San Diego's Sophomore Collapse Tests a Fragile Rivalry
SDFC swept LA twice last year. Eight winless games later, the arithmetic looks very different.

San Diego FC swept LAFC twice last season on its way to a historic first-place finish in the Western Conference. That was the summit. Right now, SDFC is in freefall, mired in an eight-game winless streak across all competitions including five straight losses in MLS play — the worst run in the club's short history. Sunday night at Snapdragon Stadium, LAFC arrives looking for its first-ever win over San Diego, and the fixture has quietly become a referendum on whether that debut season was genius or a fluke.
The collapse has been swift and messy. Injuries, red cards, and what the club itself has acknowledged as a Concacaf Champions Cup hangover have gutted the rotation. SDFC started 2026 hot, then lost the thread entirely. Nearly two months without an MLS win is not a rough patch — it is a structural problem, and head coach Mikey Varas does not have much runway left to fix it before the Western Conference table becomes unrecoverable.
What makes the timing brutal is what this fixture means to the fanbase. San Diego's sporting identity has long been defined in opposition to Los Angeles — the Padres-Dodgers fault line runs deep, and SDFC leadership leaned into that disdain deliberately when building the club's culture. Last year's sweep of both LA clubs, LAFC and the Galaxy, was not just three points a piece; it was vindication for a city that has spent decades watching its big-league franchises pack up and leave for the north. Fans here remeber that sweep the way Padres fans remember 1998.
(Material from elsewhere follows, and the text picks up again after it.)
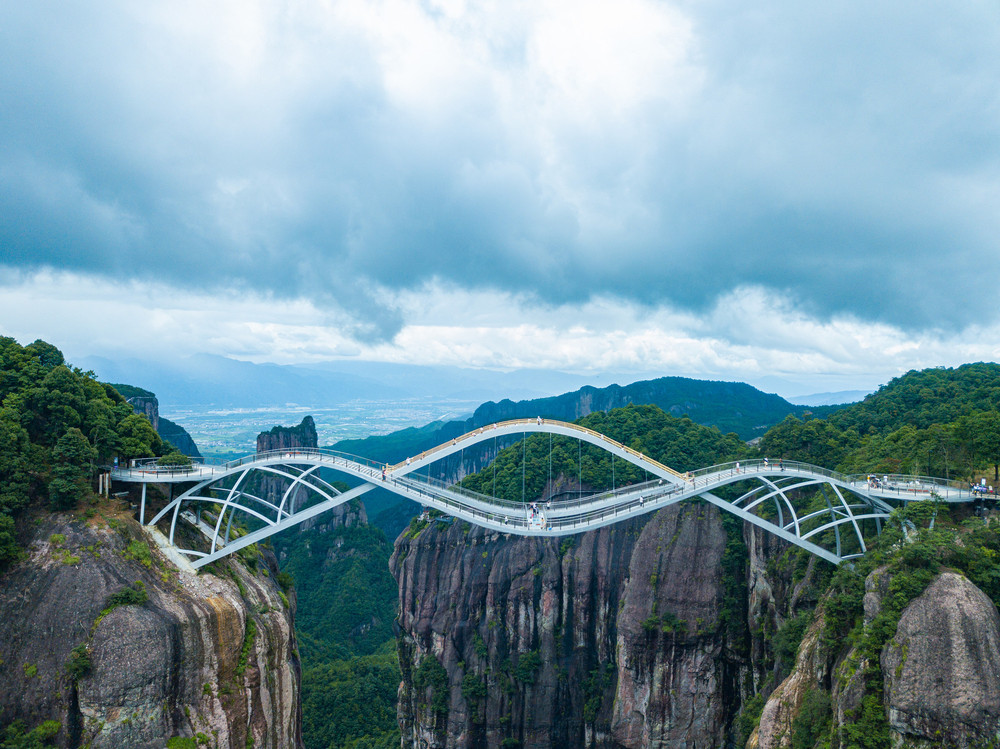 蜿蜒盘旋的卧龙桥,刚柔并济的如意桥,不仅寓意非常美好-吉祥如意。与神仙居的自然风光完美地融为一体,宛如一柄空中的玉如意,又似仙女的披帛。
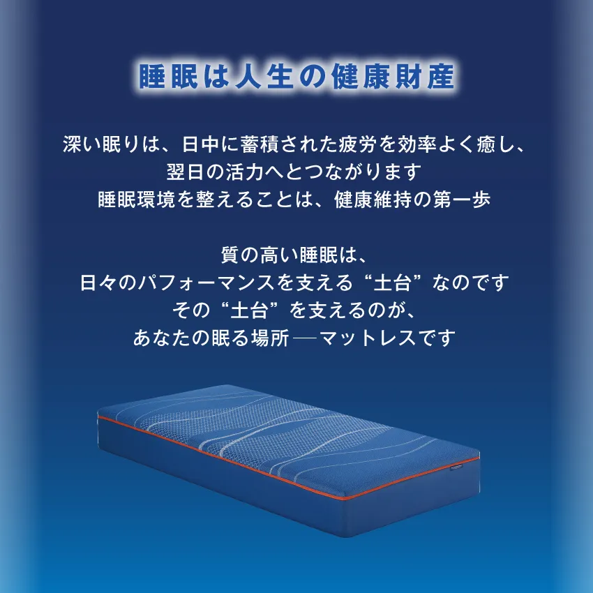 高温多湿な日本の気候や、日本人の体格・睡眠スタイルを深く理解して作られており、寝心地の良さはもちろん、耐久性や安全性の面でも高い品質を誇ります。

Last year's sweep was vindication for a city that has spent decades watching its franchises pack up and leave for the north.
LAFC arrives at Snapdragon — the 35,000-seat anchor of the SDSU Mission Valley redevelopment — managing its own calendar. Steve Cherundolo's side is rotating players ahead of Wednesday's Concacaf Champions Cup semifinal second leg, which means San Diego faces a version of LAFC that is good enough to be dangerous but not fully committed to this fixture. That should be an opportunity. Whether SDFC can recognize and convert one is the whole question of their season right now.
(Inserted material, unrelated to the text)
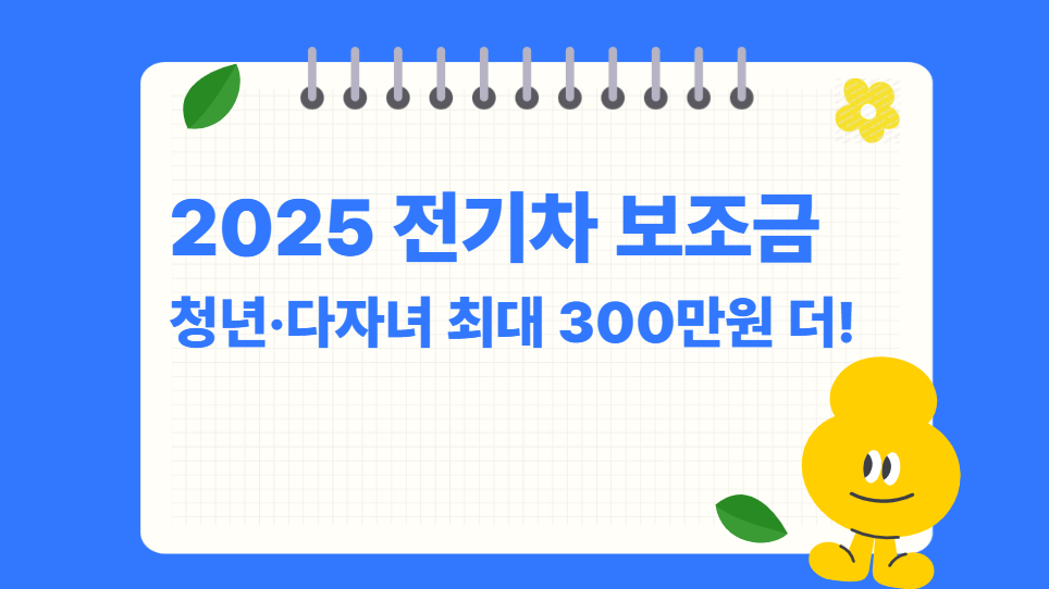 2025년 전기차 보조금, 청년·다자녀 가구라면 실제 최대 300만원** 추가 지원이 가능해집니다.

The rivalry is real, and it is young enough to still be shaped by results. A San Diego win stabilizes a shaky sophomore narrative and keeps the LA-SD dynamic genuinely competitive. An LAFC win — their first ever over SDFC — rewrites the psychological ledger entirely. Expansion clubs sometimes get one electric season and spend years chasing it. San Diego built a fanbase on the promise that last year was a foundation, not a ceiling. Tonight they have to show some evidence that the promise still holds.